Ancich Waterfront Park
|On August 6, 2012, the City Council authorized the purchase of undeveloped waterfront properties along the shoreline to become a future public waterfront park. In 2013, the City undertook a visioning exercise in order to determine the use/s of the park. The visioning cumulated with the City Council passing Resolution 949-2013 on December 9, 2013. Resolution 949 provided direction regarding the future use of Ancich Park, which includes the commercial fishing fleet utilizing the Ancich netshed and the creation of storage facility onsite for easy access to and from the water for human powered watercraft on the upland area.

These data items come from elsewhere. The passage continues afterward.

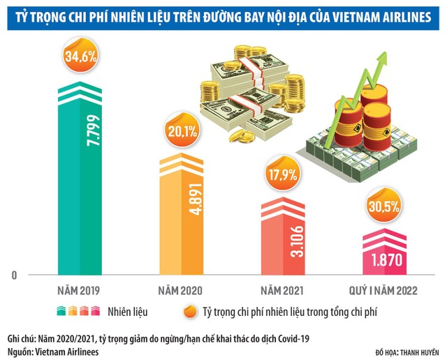 Theo ông Lê Hồng Hà, Tổng giám đốc Vietnam Airlines, việc giá nhiên liệu Jet A1 trung bình tháng 3/2021 đạt trên 130 USD/thùng đang khiến chi phí nhiên liệu của Tổng công ty tăng mạnh. Nếu giá nhiên liệu bay duy trì ở mức 130 USD/thùng cho cả năm 2022, thì chi phí ước tính của Vietnam Airlines sẽ tăng thêm khoảng 5.700 tỷ đồng. Còn nếu giá dầu Jet A1 tăng lên khoảng 160 USD/thùng, thì chi phí tăng thêm của Vietnam Airlines sẽ ở mức 9.100 tỷ đồng.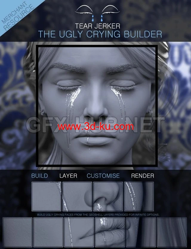 Tear Jerker the Ugly Crying Builder for Genesis 3, 8 and 8.1 Females Merchant Resource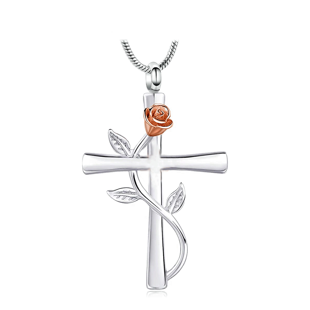Cremation Jewelry - J-610 Cross with Vine and Rose Flower - Pendant with Chain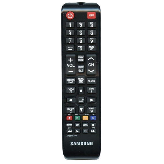 The AA59-00714A remote control is engineered for precise and reliable operation of compatible Samsung monitor display TVs. Its intuitive button layout ensures effortless access to essential functions, delivering a seamless user experience. Built to Samsung's exacting standards, this remote offers durable performance and optimal compatibility, making it a dependable replacement or spare for maintaining full control of your Samsung display.

Additionally, the Resolution directed a dock/float systems be created for the commercial fishing fleet off of the Ancich pier and general public off of the Jerkovich Pier.|
Ancich Boat Storage Needs Survey Results:
History of Site:
Croatian immigrants Peter and Katie Ancich purchased the property from John Novak and built their over-water netshed in the 1920’s. Although the roof was replaced sometime in the late 1950’s, the modest architecture, method of construction, and siding materials exist largely in their original condition. A large 16-ft x 16-ft bait tank off of a tuna clipper was once located just above the netshed and used for tarring nets. Tar from Pacific Tar in Tacoma was brought in 50-gallon barrels and heated over a wood fire. The tank was removed in the early 1960’s after nylon replaced cotton web. There were two very large pear trees and a couple of apple trees that were cut down because space was needed to spread and dry the nets.
Peter and Katie had five children: Joe, John, Peter, Celia and Mary. Peter Sr. made his living as a commercial fisherman and his first fishing vessel (f/v) was the New World. The Invader and Voyager followed. Joe and Peter Jr. followed in their father’s footsteps and ran the Mary Joe.
John ran company boats leased from the canneries. John’s son, John Jr. ran the Heritage
-- the last boat to be tied at the Ancich Brothers dock. John Jr. died tragically when the Heritage ran aground in 2001. John Sr. died shortly after and the estate sold to private developers in 2005.
The parcel located on the east-most boundary of the site was originally owned by Nick and
Ella (Markovich) Castelan. The Castelan’s first home (torn down in the late 1990's) was
constructed in the early 1900’s. Later, it became known as the “honeymoon cottage”
because so many newlyweds rented it over the years. After the property was passed to their
children (through marriage), it became the Jerkovich parcel and was combined with the
Ancich property when it sold in 2005. Today, a 10-foot easement gives the family access to their floats and commercial fishing vessels.